Information shown:
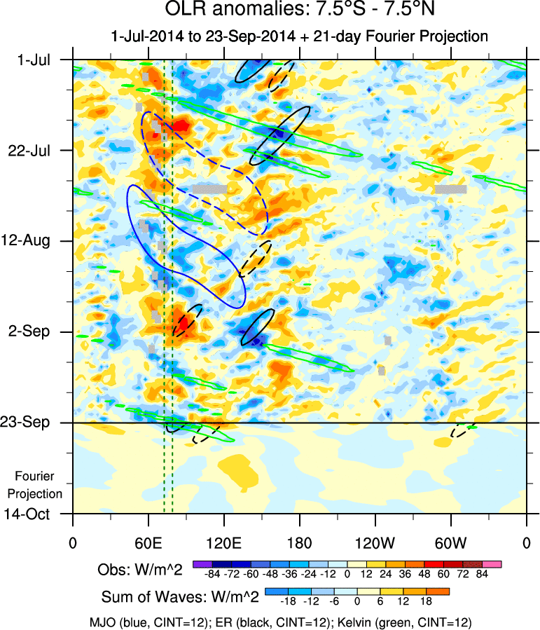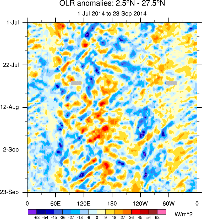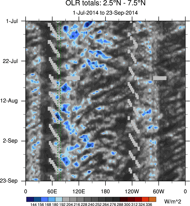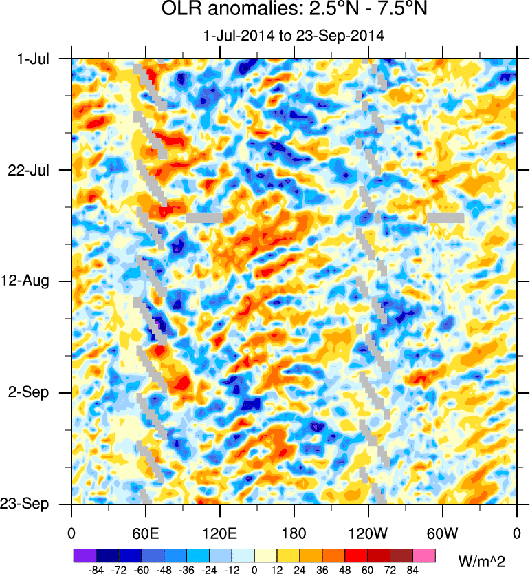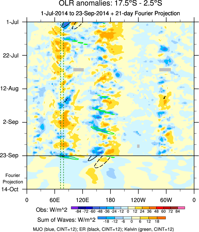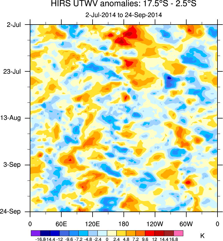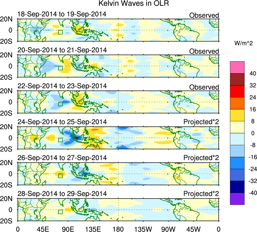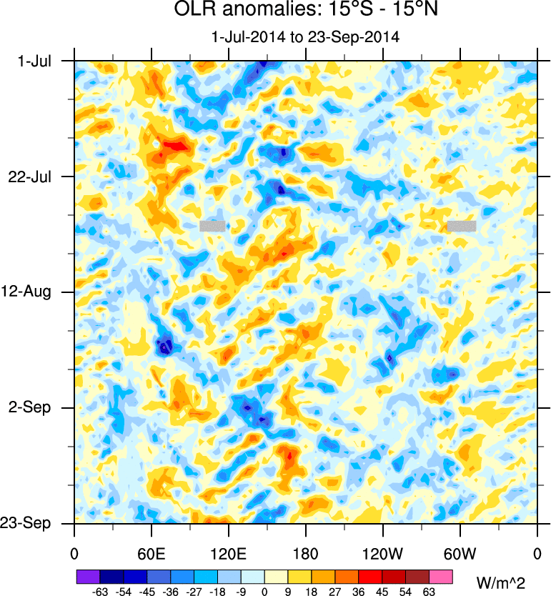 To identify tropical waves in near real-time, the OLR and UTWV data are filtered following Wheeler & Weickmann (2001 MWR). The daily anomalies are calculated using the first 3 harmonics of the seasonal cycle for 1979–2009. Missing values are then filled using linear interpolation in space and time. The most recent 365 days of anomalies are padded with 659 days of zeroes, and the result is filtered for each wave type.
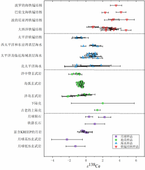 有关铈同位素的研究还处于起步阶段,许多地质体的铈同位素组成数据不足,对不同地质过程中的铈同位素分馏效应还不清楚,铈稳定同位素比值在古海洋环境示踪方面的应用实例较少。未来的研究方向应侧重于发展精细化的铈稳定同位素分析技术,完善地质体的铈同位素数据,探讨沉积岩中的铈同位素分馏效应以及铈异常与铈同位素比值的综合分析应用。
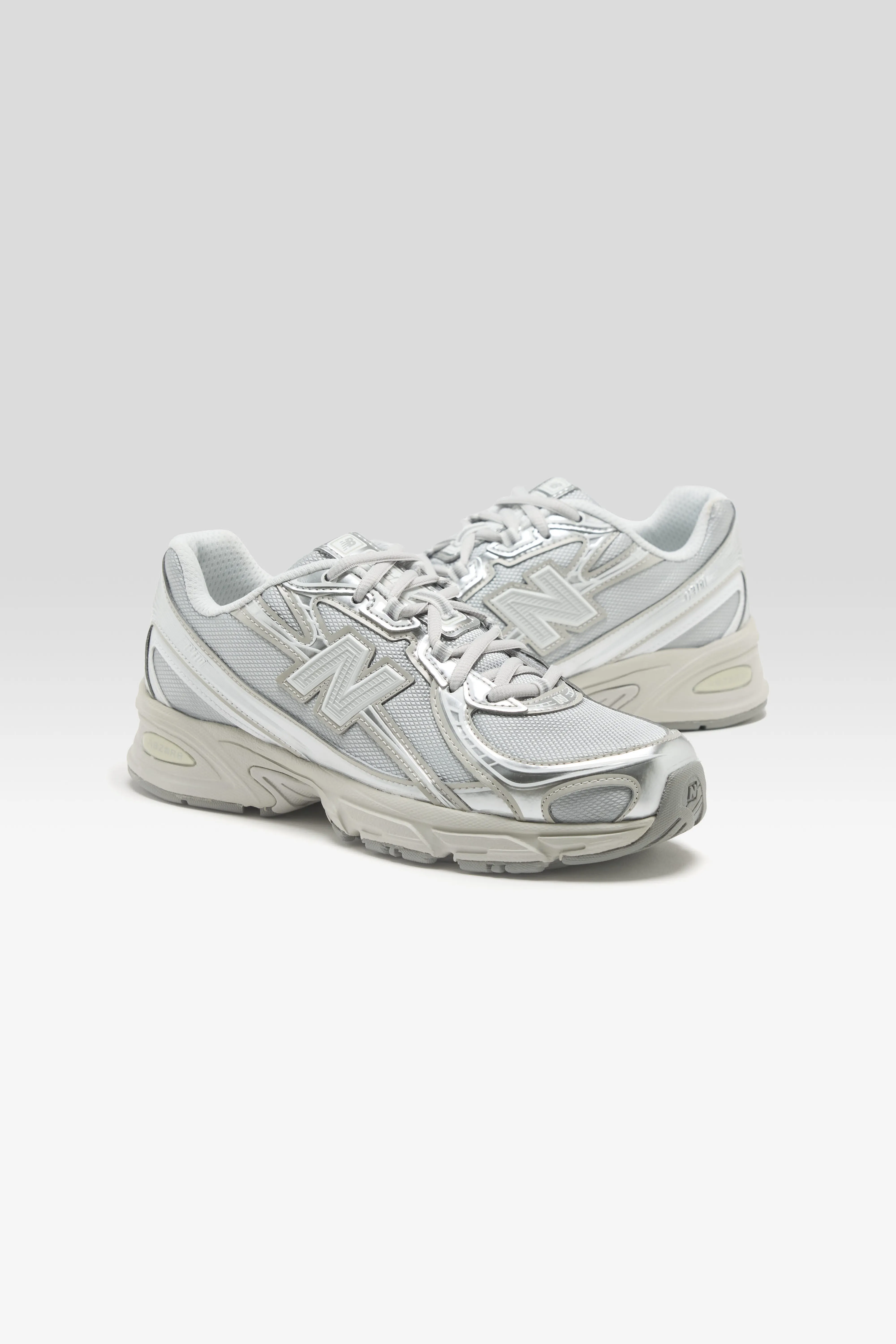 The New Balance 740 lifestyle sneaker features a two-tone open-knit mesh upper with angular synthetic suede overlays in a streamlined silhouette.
==
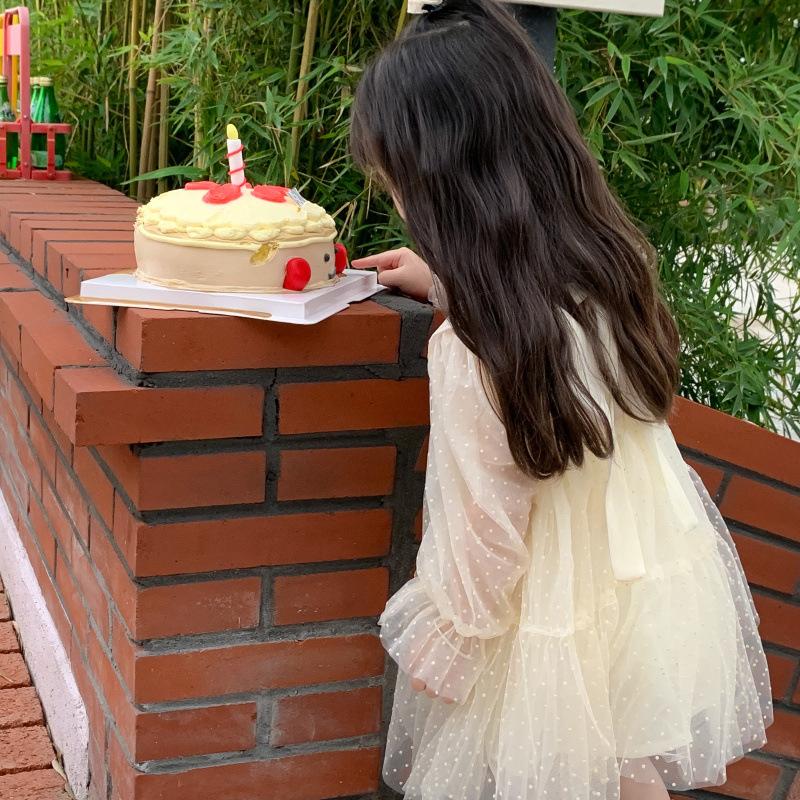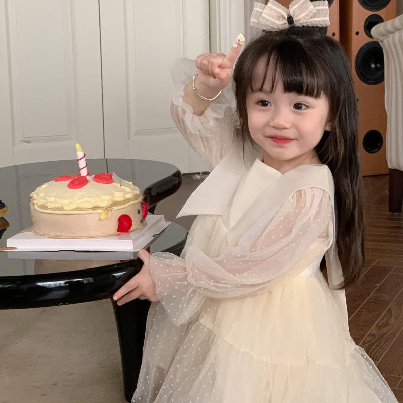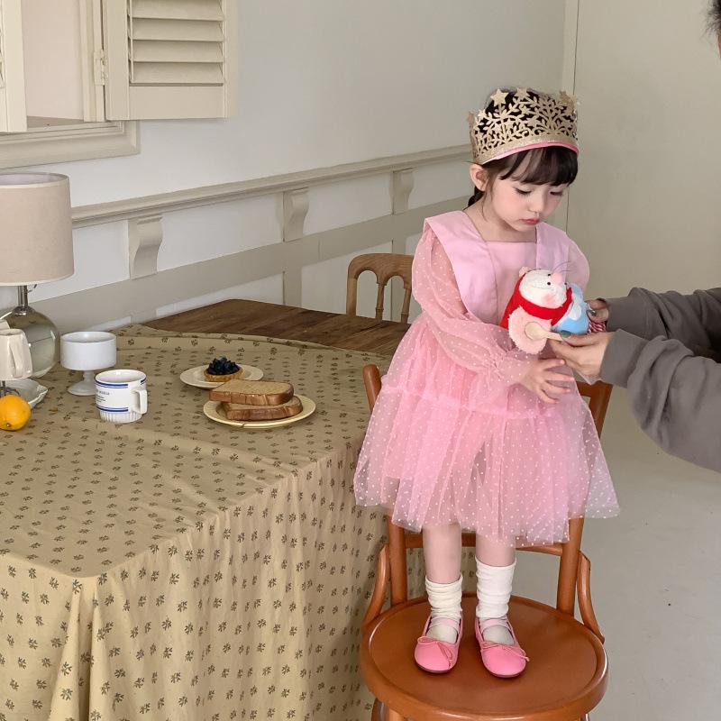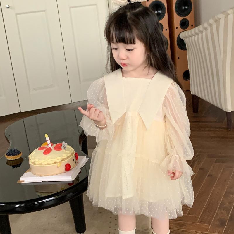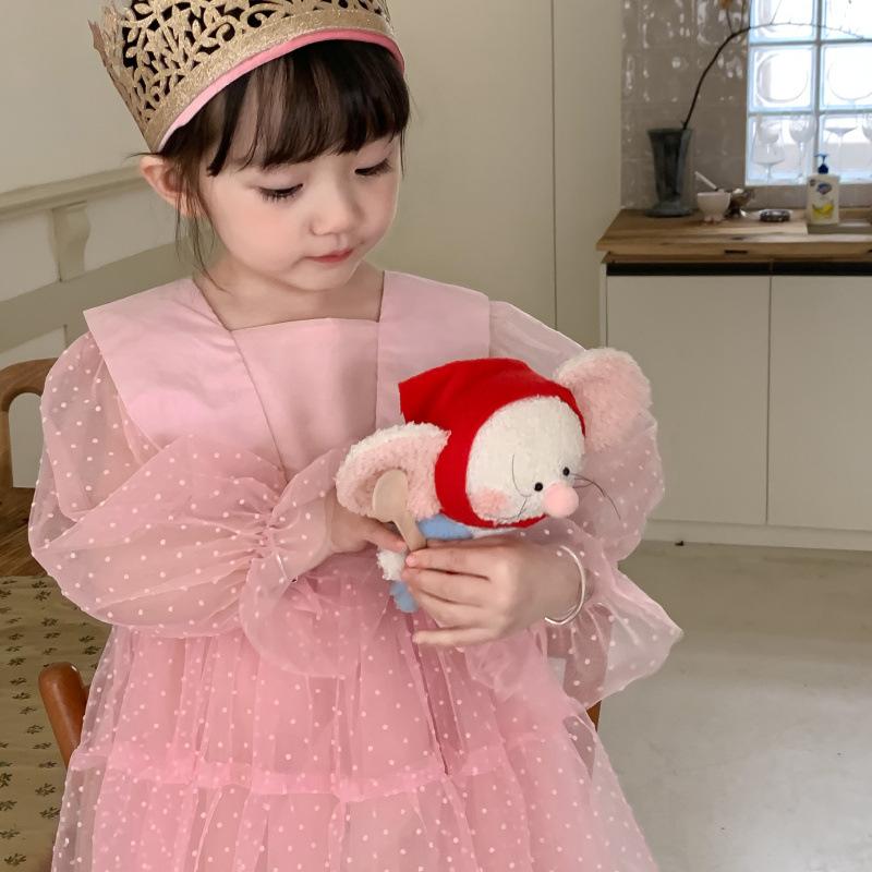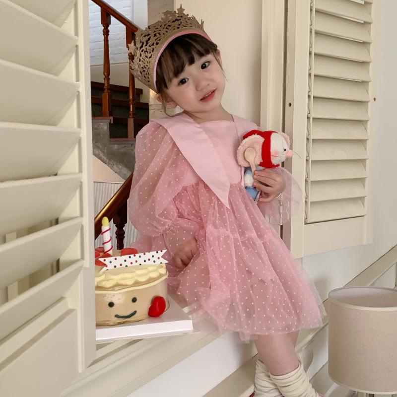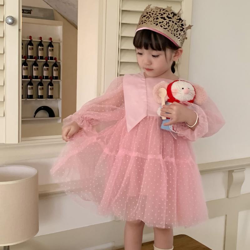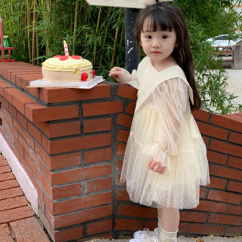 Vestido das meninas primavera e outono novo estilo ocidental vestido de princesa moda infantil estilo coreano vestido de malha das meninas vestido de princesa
==
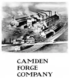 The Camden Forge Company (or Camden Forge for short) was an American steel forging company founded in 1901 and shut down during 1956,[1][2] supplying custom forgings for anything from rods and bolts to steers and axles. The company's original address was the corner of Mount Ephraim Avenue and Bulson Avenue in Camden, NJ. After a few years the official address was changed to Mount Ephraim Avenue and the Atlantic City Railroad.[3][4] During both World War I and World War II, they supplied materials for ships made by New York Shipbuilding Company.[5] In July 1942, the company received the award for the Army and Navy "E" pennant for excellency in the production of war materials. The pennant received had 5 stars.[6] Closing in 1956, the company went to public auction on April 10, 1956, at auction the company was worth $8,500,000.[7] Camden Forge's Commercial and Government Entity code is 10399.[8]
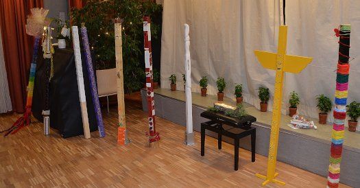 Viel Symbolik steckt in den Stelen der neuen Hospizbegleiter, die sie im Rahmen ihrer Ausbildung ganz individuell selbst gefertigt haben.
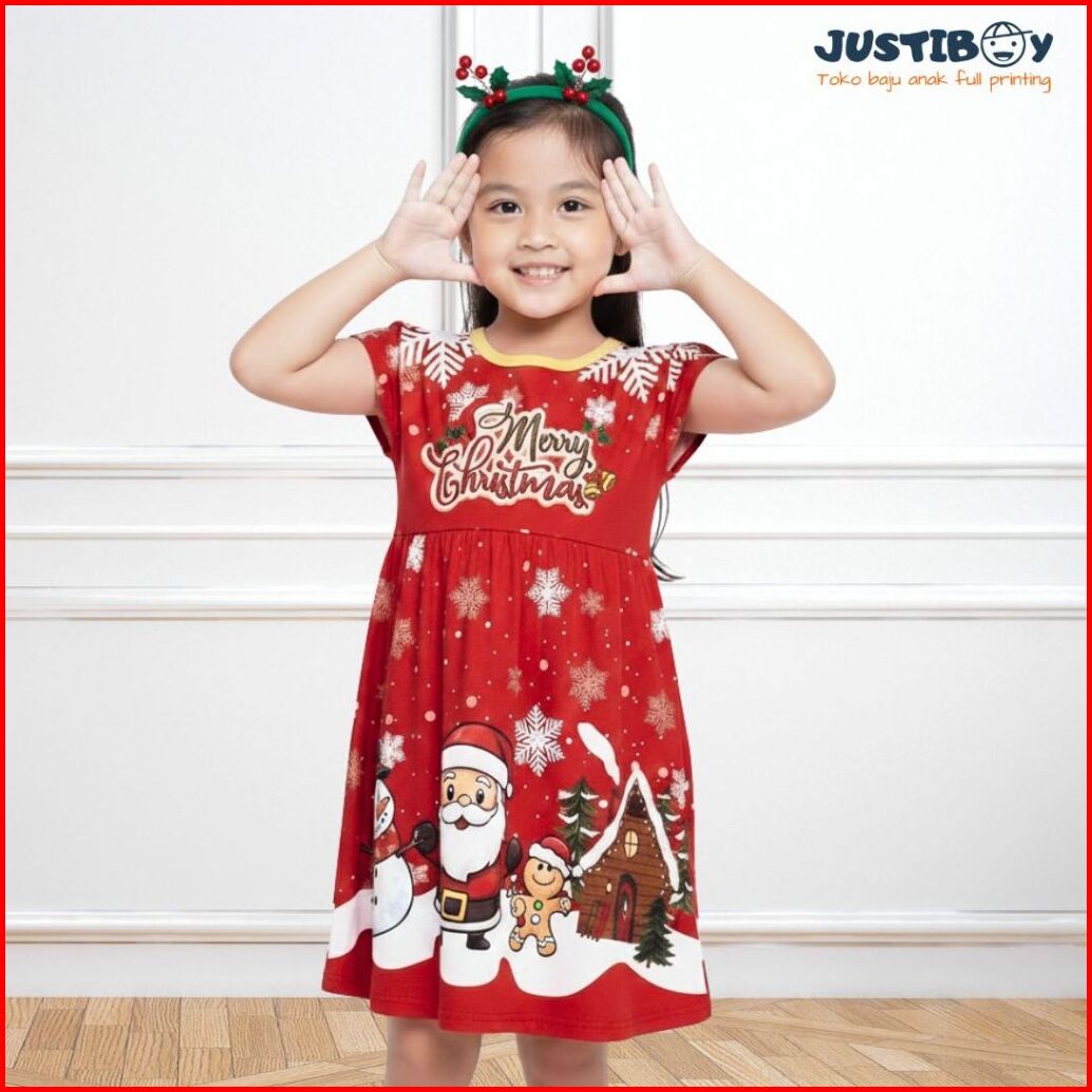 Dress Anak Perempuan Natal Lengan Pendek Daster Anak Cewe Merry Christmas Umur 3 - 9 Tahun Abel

Exercise brief: The answer must be the lines above from the one containing "To identify tropical" through the one containing "有关铈同位素的研究还处于起步", reproduced exactly, with no pictures and nothing else.

Answer space:
 To identify tropical waves in near real-time, the OLR and UTWV data are filtered following Wheeler & Weickmann (2001 MWR). The daily anomalies are calculated using the first 3 harmonics of the seasonal cycle for 1979–2009. Missing values are then filled using linear interpolation in space and time. The most recent 365 days of anomalies are padded with 659 days of zeroes, and the result is filtered for each wave type.
 有关铈同位素的研究还处于起步阶段,许多地质体的铈同位素组成数据不足,对不同地质过程中的铈同位素分馏效应还不清楚,铈稳定同位素比值在古海洋环境示踪方面的应用实例较少。未来的研究方向应侧重于发展精细化的铈稳定同位素分析技术,完善地质体的铈同位素数据,探讨沉积岩中的铈同位素分馏效应以及铈异常与铈同位素比值的综合分析应用。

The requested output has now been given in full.